Dogmom1321's picture

SD10 has struggled with school since Kindergarten. BM never bothered to put her in pre-school. She knew zero letters, numbers, even how to hold a pencil. She has ADHD but BM refuses to medicate. She is in 5th grade now and has C's and D's in all subjects. The academic part is hard for her, but her attitude SUCKS. Her teacher emailed everyone the other day saying "she can't even help her because she refuses to take out her materials and get started." I'm at a loss and so are her teachers. DH and BM can handle that and watch her fail out of high school and then probably go live with BM. They give her ZERO consequences for not doing her work, they just both tell each other "we're catching up on it." BM has reached out to ME about school since I'm a teacher (probably started a couple of weeks ago when she heard I was pregnant).

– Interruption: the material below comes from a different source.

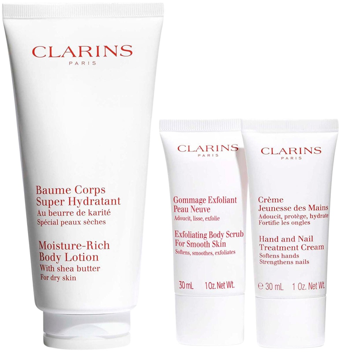 Moisture-Rich Body Lotion: AQUA/WATER/EAU. CETEARYL ETHYLHEXANOATE. BUTYROSPERMUM PARKII (SHEA) BUTTER. COCOS NUCIFERA (COCONUT) OIL. DIMETHICONE. GLYCERIN. BUTYLENE GLYCOL. CETEARYL ALCOHOL. PENTYLENE GLYCOL. STEARYL HEPTANOATE. RUBUS IDAEUS (RASPBERRY) FRUIT WATER. GLYCERYL MYRISTATE. PARFUM/FRAGRANCE. CETEARYL GLUCOSIDE. POTASSIUM CETYL PHOSPHATE. ETHYLHEXYLGLYCERIN. TARTARIC ACID. AVENA SATIVA (OAT) KERNEL EXTRACT. ACRYLATES/C10-30 ALKYL ACRYLATE CROSSPOLYMER. DISODIUM EDTA. LIMONENE. BENZYL SALICYLATE. POTASSIUM SORBATE. CITRUS AURANTIUM AMARA (BITTER ORANGE) FLOWER WAX. TAMARINDUS INDICA EXTRACT. SODIUM HYDROXIDE. HEXYL CINNAMAL. CITRONELLOL. SODIUM BENZOATE. EUGENOL. CITRAL. CITRIC ACID. SORBIC ACID [C0296I]. EXFOLIATING BODY SCRUB: AQUA/WATER/EAU. MICROCRYSTALLINE CELLULOSE. BUTYLENE GLYCOL. C15-19 ALKANE. PROPANEDIOL. CETEARYL ALCOHOL. CI 77891/TITANIUM DIOXIDE. GLYCERIN. GLYCERYL STEARATE. AMMONIUM ACRYLOYLDIMETHYLTAURATE/VP COPOLYMER. ANACARDIUM OCCIDENTALE (CASHEW) SEED OIL. CETEARYL GLUCOSIDE. HYDROXYACETOPHENONE. HYDROXYETHYL ACRYLATE/SODIUM ACRYLOYLDIMETHYL TAURATE COPOLYMER. POTASSIUM CETYL PHOSPHATE. DISODIUM EDTA. ETHYLHEXYLGLYCERIN. PARFUM/FRAGRANCE. BISABOLOL. PENTYLENE GLYCOL. MORINGA OLEIFERA SEED EXTRACT. POLYSORBATE 60. SORBITAN ISOSTEARATE. PHYTIC ACID. SODIUM HYDROXIDE. TETRAMETHYL ACETYLOCTAHYDRONAPHTHALENES. DISODIUM PHOSPHATE. CITRIC ACID. CI 15985/YELLOW 6. CI 17200/RED 33. [01C4535]. Hand and Nail Treatment Cream: AQUA/WATER/EAU. C12-15 ALKYL BENZOATE. PENTYLENE GLYCOL. BUTYLENE GLYCOL. DIMETHICONE. POTASSIUM CETYL PHOSPHATE. HYDROGENATED COCO-GLYCERIDES. CETEARYL ALCOHOL. GLYCERYL MYRISTATE. CETYL ALCOHOL. STEARYL ALCOHOL. STEARYL HEPTANOATE. GLYCERIN. ADANSONIA DIGITATA SEED OIL. CETEARYL GLUCOSIDE. PARFUM/FRAGRANCE. ALLANTOIN. SESAMUM INDICUM (SESAME) SEED OIL. TETRASODIUM EDTA. BUTYROSPERMUM PARKII (SHEA) BUTTER. DEHYDROACETIC ACID. LECITHIN. SODIUM PCA. TAPIOCA STARCH. LIMONENE. BUTYROSPERMUM PARKII (SHEA) BUTTER UNSAPONIFIABLES. PALMITOYL MYRISTYL SERINATE. CARAMEL. MORUS ALBA ROOT EXTRACT. CITRONELLOL. LINALOOL. TOCOPHEROL. CITRAL. EUGENOL. BENZYL BENZOATE [C1473G].

Prior to this, I haven't heard from her (besides court) for 5 years. I asked BM if she needed help setting up a parent account, tracking grades/assignments, missing work, etc. In the same breath she says "no thanks, working full time and keeping up with school is impossible" "I just want everyone to get on the same page so we can help _______." BM continues to be all talk and zero effort to help SD. I honestly think the only reason she reached out is so she could save face with the teacher and say "she's trying". BM and SD are incredibly lazy.